By Michael Balsamo and Michael R. Sisak
Associated Press

WASHINGTON — Officials will begin assessing security protocols at federal prison camps across the U.S. after a “terrifying incident” this weekend when an inmate obtained a gun and tried to shoot a visitor in the head at a prison camp in Arizona, the director of the Bureau of Prisons said Tuesday.

Director Colette Peters told The Associated Press the episode that happened Sunday at the Federal Correctional Institution in Tucson, Arizona, was a “terrifying incident to have had happened.”

The inmate pulled out the gun, pointed it at the visitor’s head and pulled the trigger, officials said. But the weapon malfunctioned, and no one was injured. The Bureau of Prisons said the weapon had been concealed inside the prison. Officials said the inmate was restrained after the incident and the firearm was seized.

It marked a stunning security lapse and breach of protocol in the largest correctional system in the nation, raising questions about the security practices in place at the agency responsible for more than 150,000 federal inmates.

Federal officials have launched an investigation into the incident. Authorities are still trying to gather details on precisely what happened and working to determine how the inmate was able to obtain a gun in prison.

Sunday’s incident happened at a minimum-security federal prison camp — most of which don’t even have fences and house inmates the Bureau of Prisons considers to be the lowest security risk. Federal prison camps were originally designed with low security to make operations easier and to allow inmates tasked with performing work at the prison, like landscaping and maintenance, to avoid repeatedly checking in and out of a main prison facility. But the lax security opened a gateway for contraband, such as drugs, cellphones and weapons.
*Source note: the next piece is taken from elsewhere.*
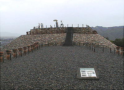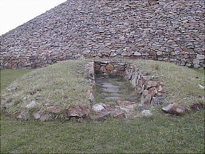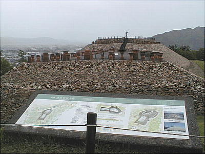 古墳の頂には、縦穴式石室の跡をレンガで示してある。石室内は薄い石片を幾重にも重ねて造った壁で構築されており、そ

“The safety and security of all of our institutions is our top priority, including our camps. And so, what a terrifying incident to have had happened. I am so glad it didn’t have the negative outcome that it could have had given the situation,” Peters told the AP.
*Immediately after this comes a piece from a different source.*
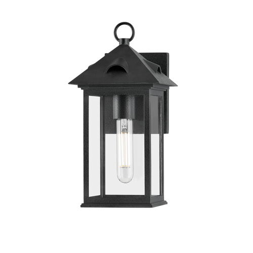 Finished in Forged Iron, this classic lantern melds old-world charm with contemporary functionality. The simplified design features four panels of clear glass encasing one or two candles while emphasizing negative space. Rounded roof vent details contribute to the heritage feel of the design. Available in four sizes, Corning suits a number of design styles, from bright cottages to farmhouses and colonial exteriors.

“We look forward to assessing security protocols at our camps and see if we have changes that we need to make,” she said.

The Bureau of Prisons, which has faced myriad crises in recent years, has also struggled to stem the flow on contraband. In 2020, investigators found a loaded gun that had been smuggled into the Metropolitan Correctional Center -- the federal jail where Jeffrey Epstein killed himself. The weapon was found after a weeklong lockdown that led to a criminal probe into misconduct by correctional officers.

An ongoing AP investigation has uncovered deep, previously unreported flaws within the agency, including significant abuse, neglect and leadership missteps. Peters was brought on this summer after the agency’s former director resigned in the wake of AP’s reporting on the agency.

Peters has vowed to bring new transparency to an agency that has long been a haven of secrecy and coverups.